Remember, this is the company behind the Prius and the Rav4 hybrid. The company sold nearly 100,000 Rav4s last year.

Though the Prius was revolutionary, its angular, modern look kept it on the fringes for a while. Now that Tesla has revealed a demand for electric cars with muscle and luxury, Toyota won’t go for “hipster” the next time around.

Climate change, on the other hand, is becoming less funny over time, for many governments. So if Toyota can learn from its mistakes, and from Tesla, it is in a good position to compete in the EV market.

Toyota’s deputy chief officer, Koji Toyoshima, said the company plans to sell 5.5 million electrified vehicles by 2025.

It also has 60 new electrified vehicles on deck – various hybrids, EVs, and hydrogen fuel cells.

Where it might really gain an edge is with its solid-state battery pack. It’s expected to charge faster and enable travel over longer distances than lithium-ion batteries used by Tesla. That alleviates concern over getting stranded in a Texas desert with no charging stations.
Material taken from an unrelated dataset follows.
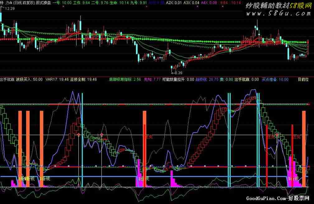 VAR1:=(CLOSE+HIGH+LOW+OPEN)/4; VAR2:=SUMBARS(VOL,CAPITAL); VAR3:=HHV(VAR1,VAR2); VAR4:=LLV(VAR1,VAR2); VAR5:=(2*VAR1-VAR4-REF(VAR4,1))/(VAR3-VAR4); VAR6:=(VAR1-VAR4)/(VAR3-VAR4); VAR7:=IF(VAR1<=VAR4,VAR5*60,VAR6*60); VAR8:=600*(EMA(CLOSE,3)-EMA(LOW,30))/EMA(LOW,30); VAR9:=EMA(VAR8,7); VARA:=(WINNER(120*CLOSE/100)-WINNER(100*CLOSE/100))*100; VARB:=(-100)*(WINNER(120*CLOSE/100)-WINNER(100*CLOSE/100))+5; 波段买入: IF(VARA+VARB<7 AND CROSS(VAR8,VAR9) AND VAR9<-18 AND VAR9<VARB,60,50),COLORYELLOW , ; DRAWICON(波段买入=60,70,1),COLORRED; VARC:=HHV(HIGH,9)-LLV(LOW,9); VARD:=HHV(HIGH,9)-CLOSE; VARE:=CLOSE-LLV(LOW,9); VARF:=VARD/VARC*100-70; VAR10:=(CLOSE-LLV(LOW,60))/(HHV(HIGH,60)-LLV(LOW,60))*100; VAR11:=(2*CLOSE+HIGH+LOW)/4; VAR12:=SMA(VARE/VARC*100,3,1); VAR13:=LLV(LOW,34); VAR14:=SMA(VAR12,3,1)-SMA(VARF,9,1); VAR15:=IF(VAR14>100,VAR14-100,0); VAR16:=HHV(HIGH,34); VAR17:EMA((VAR11-VAR13)/(VAR16-VAR13)*100,8); 巫修全制: VAR17, ,COLORYELLOW ; VAR18:=EMA(VAR17,5); STICKLINE(VAR17>0 AND VAR17-VAR18>=0,79,80,6,0), ,COLORRED ; STICKLINE(VAR17>0 AND VAR17-VAR18<0,79,80,6,1), ,COLOR00FF00 ; STICKLINE(VAR17>0 AND VAR17-VAR18>=0,19,20,6,0),COLORRED, ; STICKLINE(VAR17>0 AND VAR17-VAR18<0,19,20,6,1), ,COLOR00FF00 ; STICKLINE(VAR17-VAR18>0,VAR17,VAR18,8,1), ,COLORRED ; STICKLINE(VAR17-VAR18<0,VAR17,VAR18,8,1), ,COLOR00FF00 ; VAR22:=REF(LOW,1); VAR23:=SMA(ABS(LOW-VAR22),3,1)/SMA(MAX(LOW-VAR22,0),3,1)*100; VAR24:=EMA(IF(CLOSE*1.3,VAR23*10,VAR23/10),3); VAR25:=LLV(LOW,30); VAR26:=HHV(VAR24,30); VAR27:=IF(MA(CLOSE,58),1,0); VAR28:=EMA(IF(LOW<=VAR25,(VAR24+VAR26*2)/2,0),3)/618*VAR27; VAR29:=IF(VAR28>100,100,VAR28); STICKLINE(VAR29>-150,0,VAR29,3,0), , COLORFF00FF; 底部吸筹指标: (CLOSE-MA(CLOSE,40))/MA(CLOSE,40)*100, , COLOR00FF00; STICKLINE(CROSS(底部吸筹指标,-24),100,0,6,0), , COLORFFFFFF; 先知: (CLOSE-MA(CLOSE,5))/MA(CLOSE,5)*100, , COLORFF00FF; 可能放量拉升: IF(CROSS(底部吸筹指标,-24),1,0), , COLORFFFFFF; VARK1:=(CLOSE-LLV(LOW,27))/(HHV(HIGH,27)-LLV(LOW,27))*100; VARK2:=REVERSE(VARK1); VARK3:=SMA(VARK1,3,1); 波段王:=SMA(VARK3,3,1), , COLORRED,LINETHICK2; 波段鬼:=SMA(波段王,2.5,1),COLORYELLOW,LINETHICK2; 趋势线: 3*SMA((CLOSE-LLV(LOW,27))/(HHV(HIGH,27)-LLV(LOW,27))*100,5,1)-2*SMA(SMA((CLOSE-LLV(LOW,27))/(HHV(HIGH,27)-LLV(LOW,27))*100,5,1),3,1), ,COLORFF6666,LINETHICK2; 卖:IF((CROSS(波段鬼,波段王) OR CROSS(波段鬼,趋势线) OR CROSS(波段王,趋势线) ) AND 波段鬼>65,90,0),STICK,,COLORFFFF00 ,LINETHICK3; RSV9:=(CLOSE-LLV(LOW,9))/(HHV(HIGH,9)-LLV(LOW,9))*100; K1:=SMA(RSV9,3,1); DK1:=K1-REF(K1,1),COLORSTICK; 出手就赢:IF(DK1>7 AND REF(DK1,1)<0 AND (DK1-REF(DK1,1))>9,50,0), STICK,COLORYELLOW; DRAWICON(出手就赢>0,50 ,1); 买点准备:IF(趋势线<=10,0,10), COLORFF9933,LINETHICK3; STICKLINE( CROSS(趋势线,10),0,73,6,0), COLOR3366FF,; DRAWTEXT(IF(CROSS(趋势线,10),100,0),68,'抄底'),COLORWHITE ; DRAWTEXT(IF(CROSS(10,趋势线),1,0), 10,'$备钱'),COLOR33FFCC,; {目前位置: 对当前股票所处的技术位置进行评价,可对是否介入作出辅助判断} RSV:=(CLOSE-LLV(LOW,9))/(HHV(HIGH,9)-LLV(LOW,9))*100; K:=SMA(RSV,3,1); D:=SMA(K,3,1); J:=3*K-2*D; DRAWTEXT(REF(J,1)<0 AND J>0,50,'短买'),COLORRED ; 短线获利:STICKLINE(REF(J,1)<0 AND J>0,60,0,2,0),COLOR0000FF; 目前位置:K; 技术低位:20; 技术中位:50,POINTDOT; 技术高位:80;

Toyota has taken its time with this direction, letting early movers test the market first. Its hybrid cars have also been compliant with emissions standards in stricter areas, so there was little rush diving into EVs.

Now that regulations and incentives are growing, Toyota is diving in. Unless Tesla can make a cheaper offering, as it has been trying to do, this company is going to take a big bit of the EV market.

EV investors can pick up some Toyota stock for $153 today. Compare that to Tesla at $638, and it’s a steal.

It also has an analyst growth target of $180 over 12 months. That’s a solid 17% pop. But as more information about its EV lineup is unveiled in 2021, expect upgrades all around.